Data >>
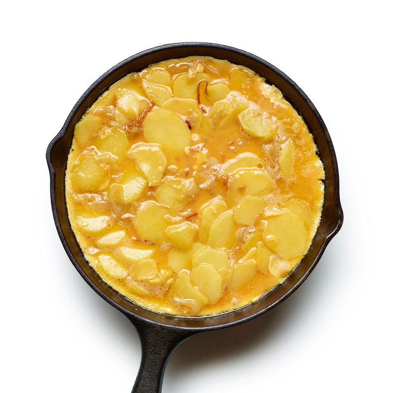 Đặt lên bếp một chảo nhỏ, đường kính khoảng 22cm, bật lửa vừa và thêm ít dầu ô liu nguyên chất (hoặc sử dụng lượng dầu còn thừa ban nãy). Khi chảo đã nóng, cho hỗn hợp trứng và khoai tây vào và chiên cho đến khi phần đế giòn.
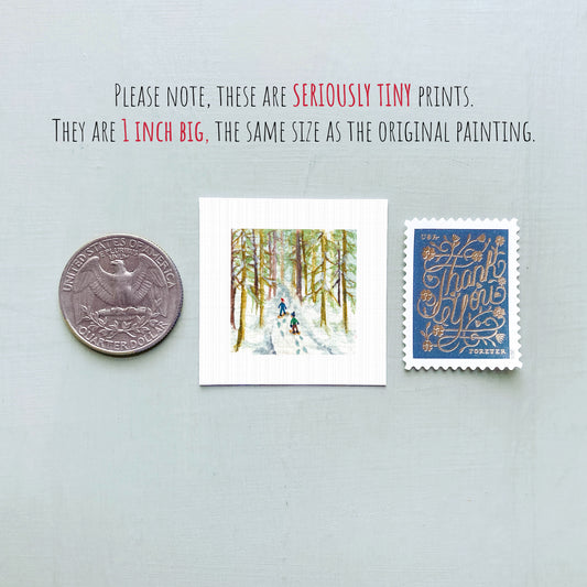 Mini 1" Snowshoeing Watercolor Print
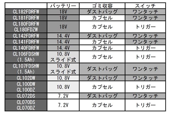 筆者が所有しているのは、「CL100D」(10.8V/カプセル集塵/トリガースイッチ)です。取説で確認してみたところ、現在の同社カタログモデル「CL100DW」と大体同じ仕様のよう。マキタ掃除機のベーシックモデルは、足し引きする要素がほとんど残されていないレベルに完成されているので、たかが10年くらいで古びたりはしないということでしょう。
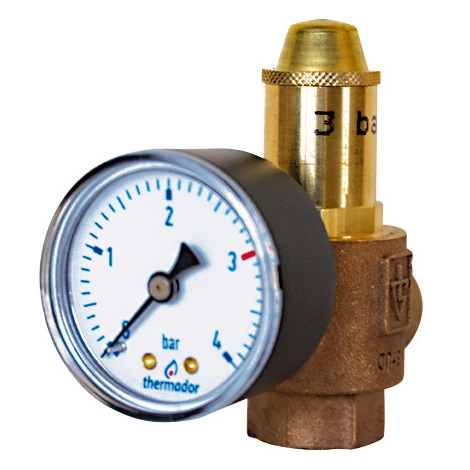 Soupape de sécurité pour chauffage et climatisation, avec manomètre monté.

--

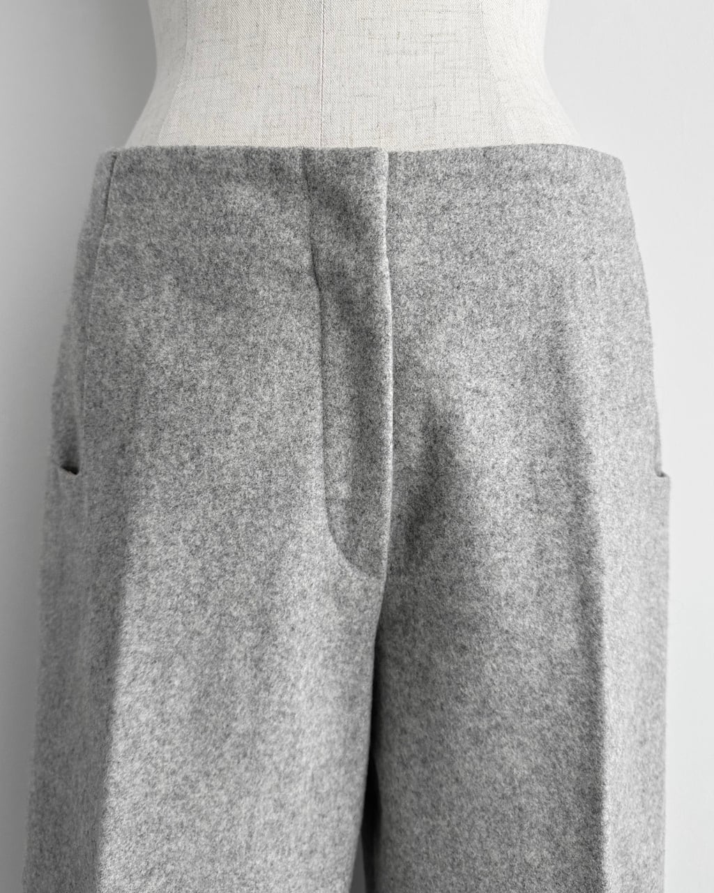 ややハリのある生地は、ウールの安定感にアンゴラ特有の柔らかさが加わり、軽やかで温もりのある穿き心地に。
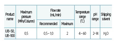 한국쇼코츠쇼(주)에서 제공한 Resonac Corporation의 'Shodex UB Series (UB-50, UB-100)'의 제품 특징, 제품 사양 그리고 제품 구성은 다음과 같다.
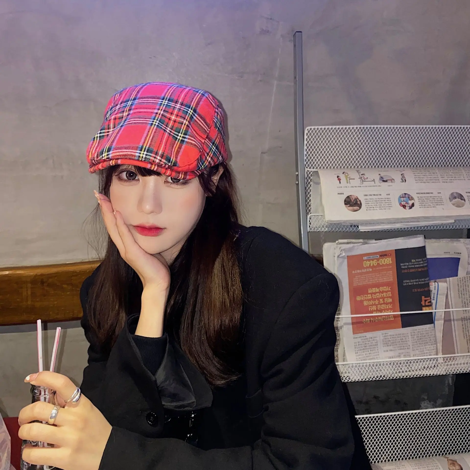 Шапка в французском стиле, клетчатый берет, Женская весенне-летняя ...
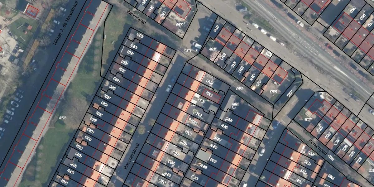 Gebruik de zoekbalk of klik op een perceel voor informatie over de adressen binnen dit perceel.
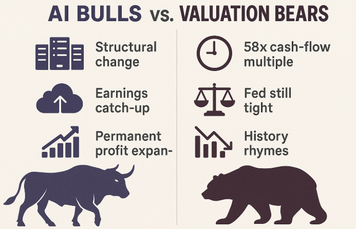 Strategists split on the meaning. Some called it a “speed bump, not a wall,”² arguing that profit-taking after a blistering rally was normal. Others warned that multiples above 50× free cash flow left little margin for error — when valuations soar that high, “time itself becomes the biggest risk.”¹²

* * *

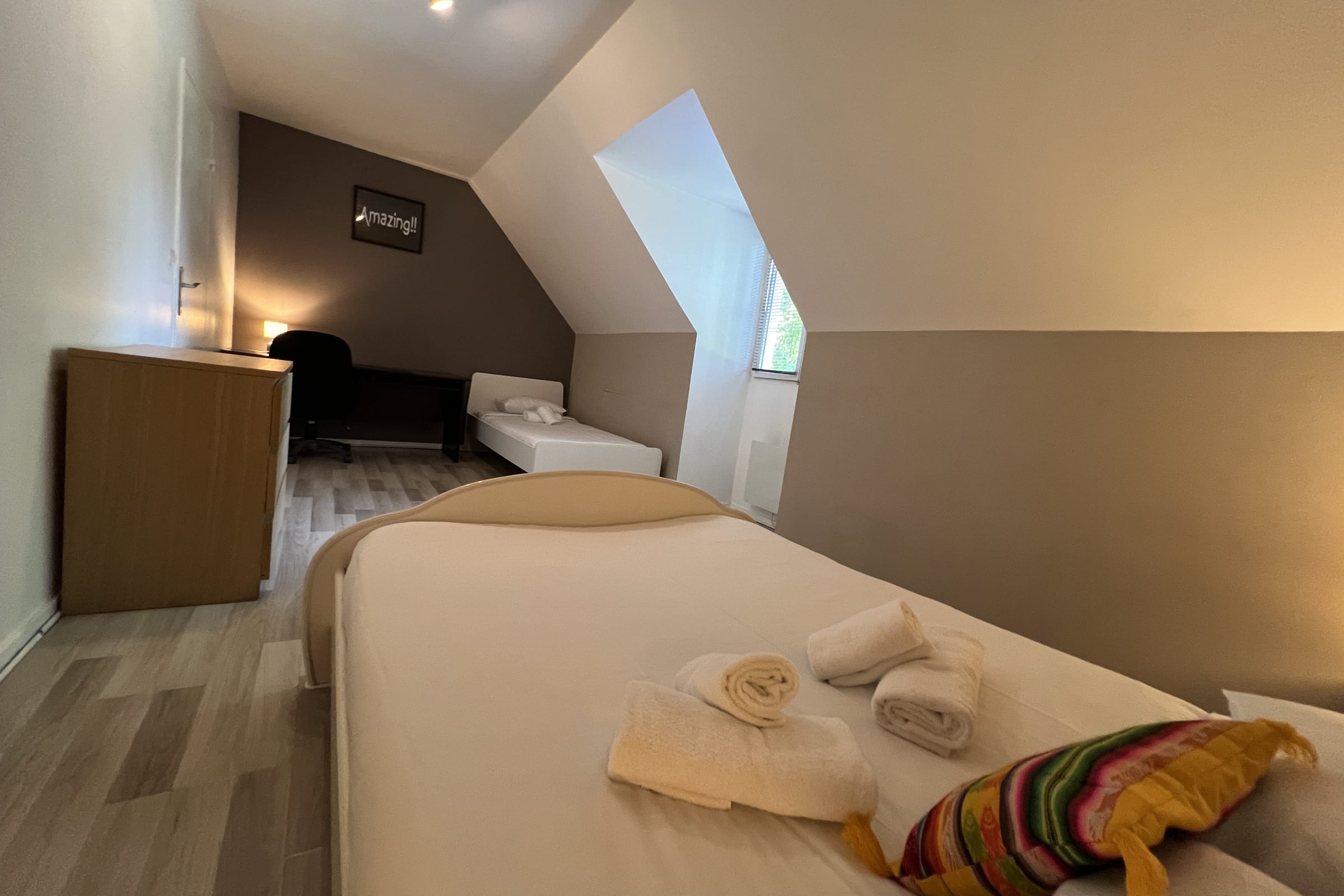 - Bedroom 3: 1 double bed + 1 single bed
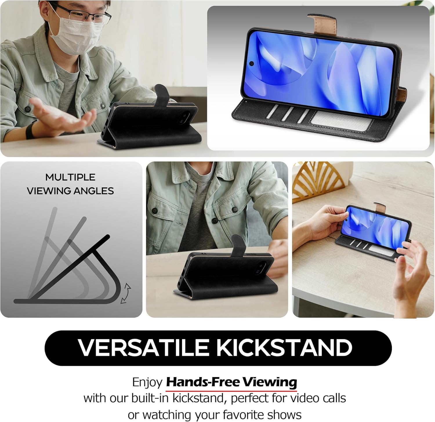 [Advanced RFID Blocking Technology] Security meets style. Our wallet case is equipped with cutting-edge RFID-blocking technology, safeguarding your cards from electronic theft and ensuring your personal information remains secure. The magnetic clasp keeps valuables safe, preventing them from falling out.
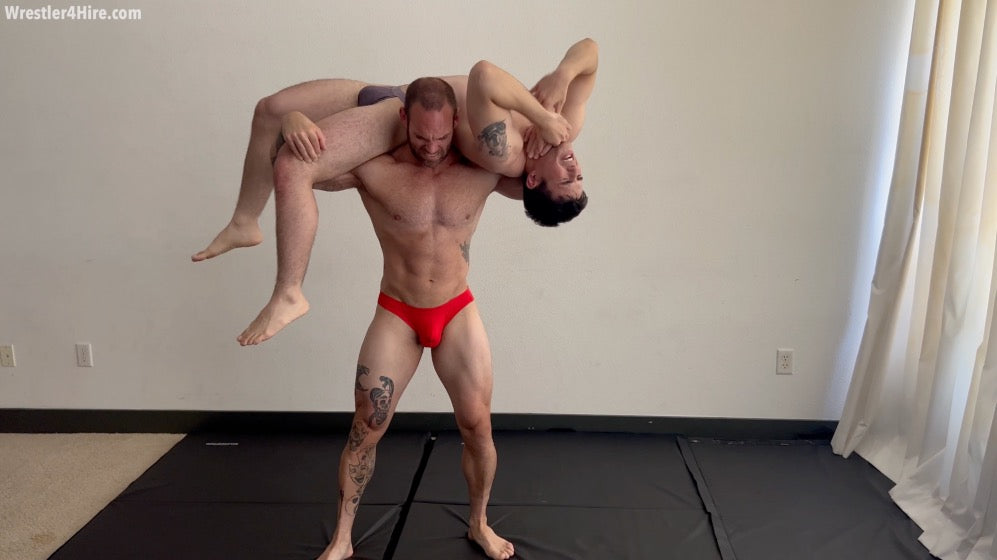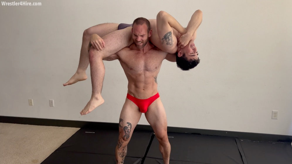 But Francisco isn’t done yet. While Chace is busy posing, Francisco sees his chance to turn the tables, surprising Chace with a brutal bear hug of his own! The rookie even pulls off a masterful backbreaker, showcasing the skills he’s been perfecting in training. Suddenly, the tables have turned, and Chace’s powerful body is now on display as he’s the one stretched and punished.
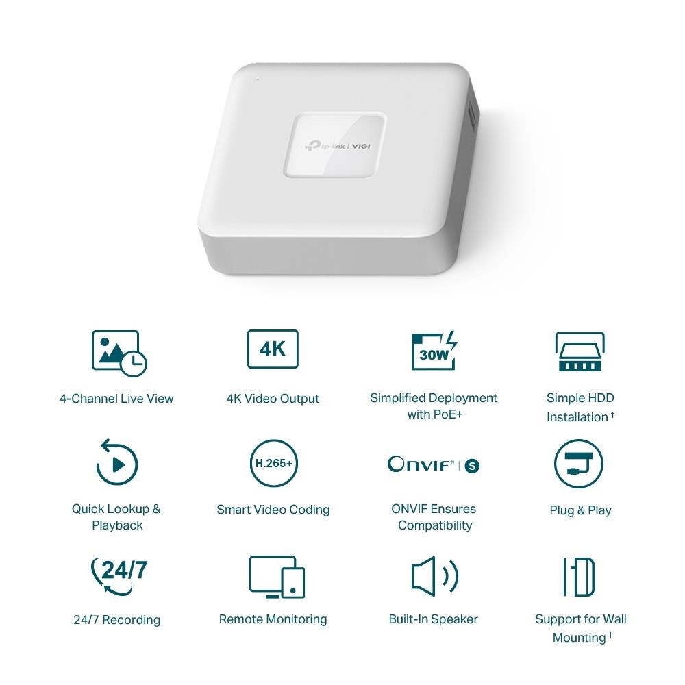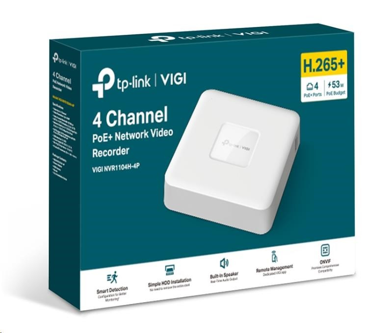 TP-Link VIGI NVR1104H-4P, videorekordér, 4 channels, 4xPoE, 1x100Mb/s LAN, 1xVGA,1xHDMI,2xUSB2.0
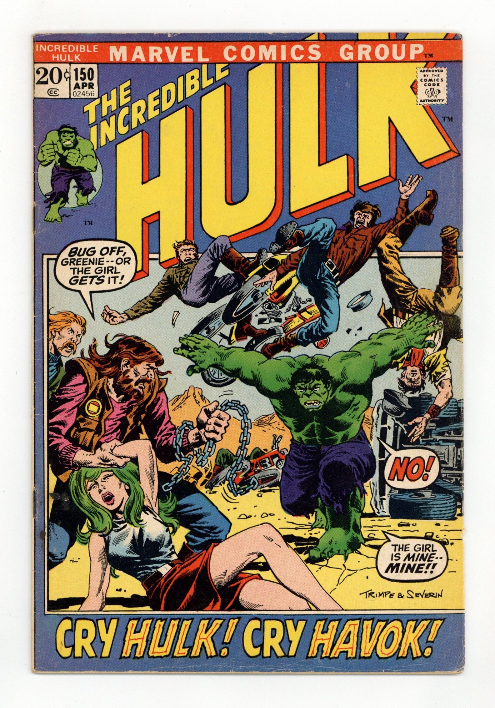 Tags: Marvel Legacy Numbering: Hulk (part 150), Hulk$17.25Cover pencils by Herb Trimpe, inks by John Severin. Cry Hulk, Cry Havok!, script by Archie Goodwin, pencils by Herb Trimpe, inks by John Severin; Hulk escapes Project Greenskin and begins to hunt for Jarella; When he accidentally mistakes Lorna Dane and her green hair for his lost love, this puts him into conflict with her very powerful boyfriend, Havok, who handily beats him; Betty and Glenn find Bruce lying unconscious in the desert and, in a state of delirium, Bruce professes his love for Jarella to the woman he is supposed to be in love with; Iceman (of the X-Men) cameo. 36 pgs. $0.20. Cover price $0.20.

Prompt >> A verbatim reproduction is expected: starting at the line above that has "But Francisco isn’t", ending at the line that has "TP-Link VIGI NVR1104H-4P, videorekordér, 4", both included, and with no pictures and no other lines.

Solution >>
 But Francisco isn’t done yet. While Chace is busy posing, Francisco sees his chance to turn the tables, surprising Chace with a brutal bear hug of his own! The rookie even pulls off a masterful backbreaker, showcasing the skills he’s been perfecting in training. Suddenly, the tables have turned, and Chace’s powerful body is now on display as he’s the one stretched and punished.
 TP-Link VIGI NVR1104H-4P, videorekordér, 4 channels, 4xPoE, 1x100Mb/s LAN, 1xVGA,1xHDMI,2xUSB2.0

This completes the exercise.